There are plenty of other tools to manipulate CSV! I'm just using CSV as an example of how Kiba works as a general-purpose ETL tool.
How plain Ruby and Kiba ETL compare?
A quick, one-off version conversion script using plain Ruby could look like this:
require 'CSV'
require 'facets/kernel/blank'
output_fields = [:invoice_number, :invoice_date, :amount]
CSV.open('orders-classic.csv', 'w') do |output|
output << output_fields
CSV.foreach('commandes.csv', col_sep: ';', headers: true, header_converters: :symbol) do |row|
row = row.to_hash
[:date_facture, :montant_eur, :numero_commande].each do |field|
raise "Missing value for field #{field}" if row[field].blank?
end
row[:invoice_date] = Date.strptime(row[:date_facture], '%d/%m/%Y')
row[:amount] = Float(row[:montant_eur].gsub(',', '.'))
row[:invoice_number] = row[:numero_commande]
output << row.values_at(*output_fields)
end
end
As this kind of script grows though, they get harder and harder to maintain. It’s easy to introduce an error in there! And the various parts are not really easily reusable nor testable.
To fix this, I’m going to take you step by step, incrementally, so we rewrite and refactor the ETL script with Kiba, to end up this way:
require_relative 'common'
source CsvSource, 'commandes.csv', col_sep: ';', headers: true, header_converters: :symbol
transform VerifyFieldsPresence, [:date_facture, :montant_eur, :numero_commande]
transform ParseFrenchDate, from: :date_facture, to: :invoice_date
transform ParseFrenchFloat, from: :montant_eur, to: :amount_eur
transform RenameField, from: :numero_commande, to: :invoice_number
destination CsvDestination, 'orders.csv', [:invoice_number, :invoice_date, :amount_eur]
Don't be fooled! This version requires a lot more (but: reusable, testable) code that will sit in common.rb.

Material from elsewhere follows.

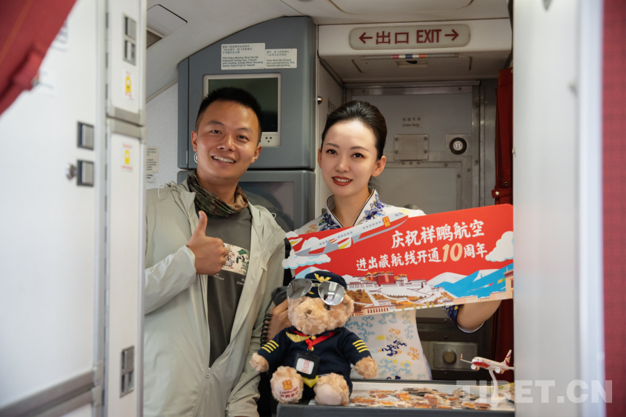 在當天從喀什飛往阿里的航班上,祥鵬航空策劃開展了主題活動,慶祝航線開通10周年以及西藏自治區(qū)成立60周年。搭乘航班的每位旅客均收到了潔白的哈達;有獎問答環(huán)節(jié)氣氛熱烈,客艙內笑聲與掌聲此起彼伏;旅客分享的自己與高原的故事,更令不少人動容。航班在祝福、歡樂與感動中飛向雪域高原。

Setup your Kiba ETL project
First create a Gemfile
to specify our dependencies:
source 'https://rubygems.org'
gem 'kiba', '~> 0.6.0'
# for awesome row printing!
gem 'awesome_print'
Install the dependencies:
$ bundle install
Create our script:
$ echo "puts 'Hello from Kiba!'" > convert-csv.etl
Verify things work as expected:
$ bundle exec kiba convert-csv.etl
Hello from Kiba!
You’re good to go!
You can also use the .rb extension, this is regular Ruby. I often change the extension to make sure the file won't get loaded by mistake inside a given Rails app, for instance.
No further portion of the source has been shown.